Mira pinched Sophia’s cheeks with the fingers and thumb of one hand and lifted the woman off the ground. Sophia dropped her pistol and screamed as she scratched Mira’s forearm.
"Please!" said Sophia. Her scream and the baby's scream harmonized.
Then, Mira tore out Sophia’s throat and tossed her to the floor.
Sophia's body twitched. Another lightning flash revealed the amount of blood and bits of cartilage spewed over the polished concrete floor. I could make out some red specks on Mira’s face. The baby’s voice went hoarse.
I was still bleeding out on the ground—my hand pressed against my shoulder.
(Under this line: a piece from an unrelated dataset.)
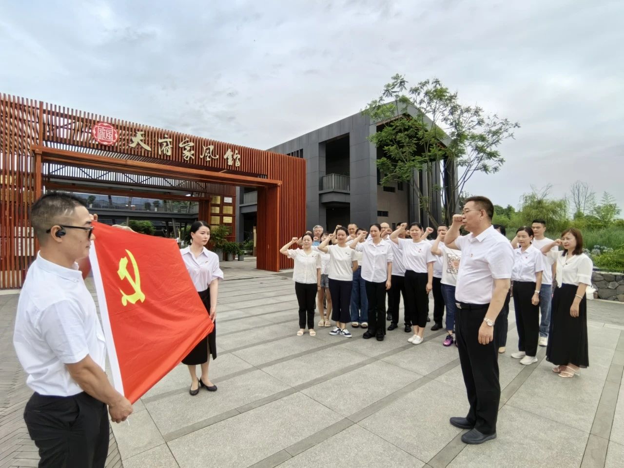 “我志愿加入中國共產(chǎn)黨,擁護黨的綱領(lǐng)……隨時準備為黨和人民犧牲一切,永不叛黨”。全體黨員在天府家風館廣場前高舉右手,面向鮮紅的黨旗,莊嚴宣誓。從重溫入黨誓詞中,進一步堅定理想信念,牢記初心使命,鏗鏘有力的聲音表達出身為中國共產(chǎn)黨黨員的責任感和使命感,展現(xiàn)出為黨的事業(yè)奮斗終生的堅定決心和執(zhí)著追求。

My whole body turned to pins and needles. My vision was tunneling.
Mira straddled me. “I want to take you both with me,” she said. “We could make this world better—together…” She leaned in close and whispered, “You're the one, Henry. You're everything I've been waiting—”
I jerked my wounded arm forward. She gasped and jumped off me. The syringe was stuck in her leg. She removed it and examined the glass tube. Empty.
At first, she tried to fight it. Gasping and writhing on the floor, I saw her revert to the body of a sixteen-year-old, but then her hands withered like a grandmother’s. Her eyes grew big and round like an infant’s, but her hair turned white and brittle. With a weak brattle she seemed to let go of the fight and in the next thirty seconds I saw her age a hundred years. As I watched, I regretted ever worrying that a woman I loved could ever grow out of her beauty.
When she turned to dust, you were curled up in the middle—a baby replica of the both of us.
I never found out anything more about your mother, and I still don’t know how you survived. I’ve written about her to that vampiric taxonomy expert, Doctor Swann, but he never wrote back.
So all I can say is there may be a time when you feel the urge to procreate. And I’ll be honest; I’m freaked out about it. But I’ll do my best to keep you safe. You may have come from a monster, but you don’t have to become one.
All right, kid. The sitter will be here any minute, and I have to get ready for a date.